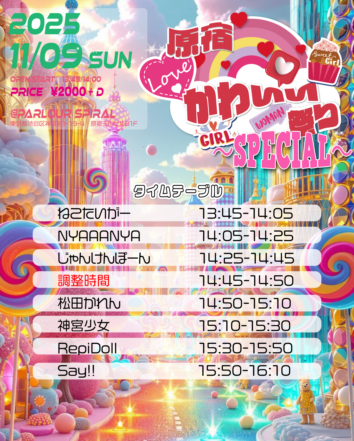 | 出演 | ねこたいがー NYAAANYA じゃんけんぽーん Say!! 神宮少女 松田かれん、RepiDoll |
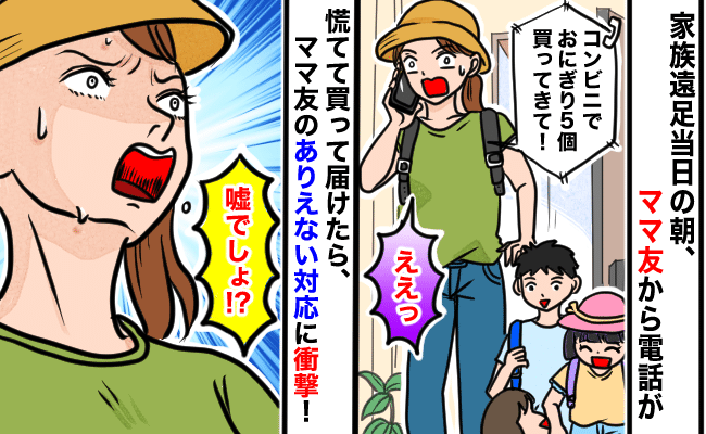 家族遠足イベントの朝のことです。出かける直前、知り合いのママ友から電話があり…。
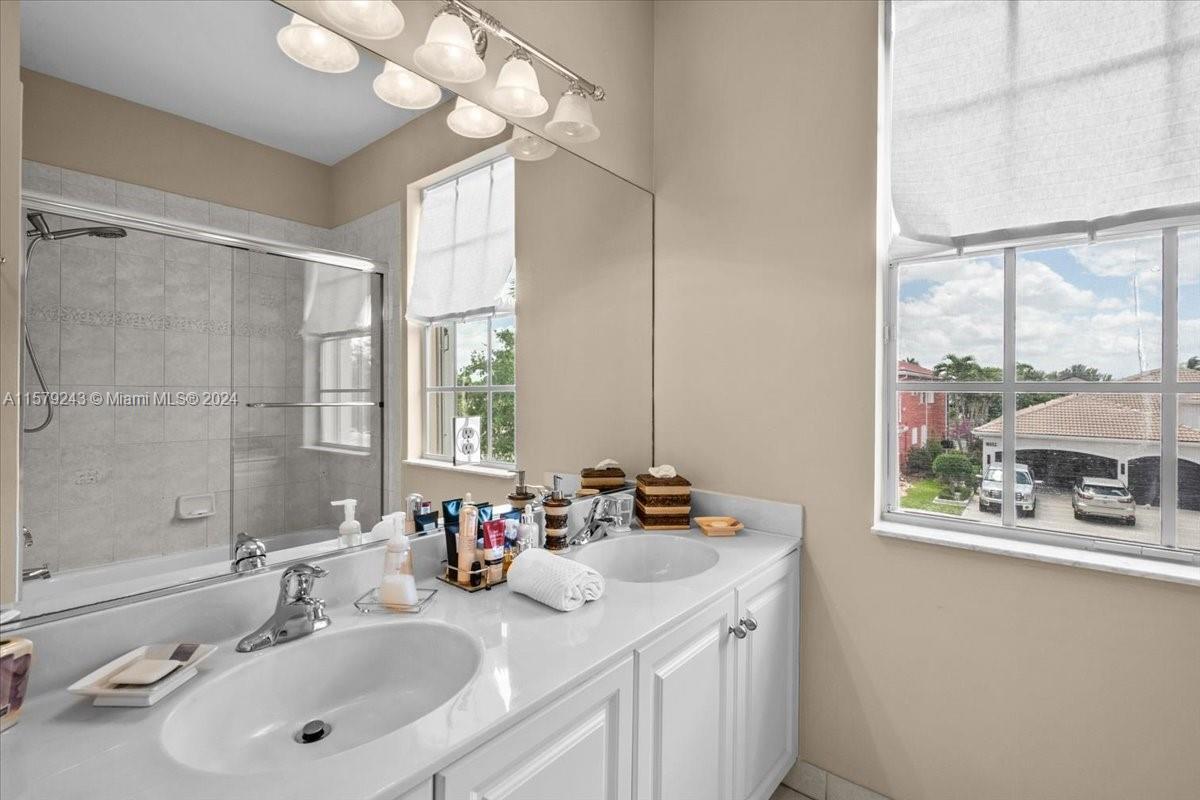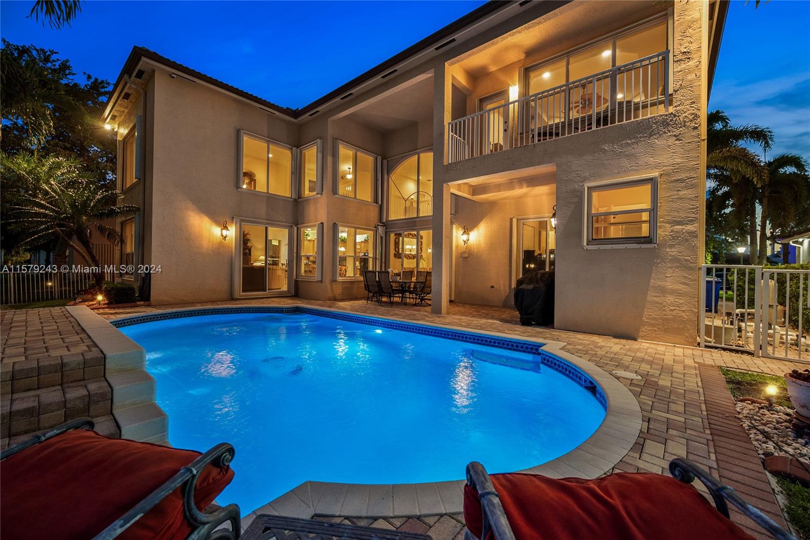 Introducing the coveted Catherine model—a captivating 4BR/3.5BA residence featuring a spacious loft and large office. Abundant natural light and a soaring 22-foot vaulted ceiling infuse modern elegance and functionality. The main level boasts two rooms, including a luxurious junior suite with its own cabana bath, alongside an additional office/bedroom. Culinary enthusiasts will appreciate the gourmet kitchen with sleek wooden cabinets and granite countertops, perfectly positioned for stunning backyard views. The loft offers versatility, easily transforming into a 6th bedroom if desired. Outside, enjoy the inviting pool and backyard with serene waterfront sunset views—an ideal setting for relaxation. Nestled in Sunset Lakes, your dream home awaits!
━━━━━━
WHAT TO WORK ON =>
The response must match the data line for line, from its first line through the line with "家族遠足イベントの朝のことで", inclusive, and must leave out the pictures.

SOLVED PROBLEM =>
 | 出演 | ねこたいがー NYAAANYA じゃんけんぽーん Say!! 神宮少女 松田かれん、RepiDoll |
 家族遠足イベントの朝のことです。出かける直前、知り合いのママ友から電話があり…。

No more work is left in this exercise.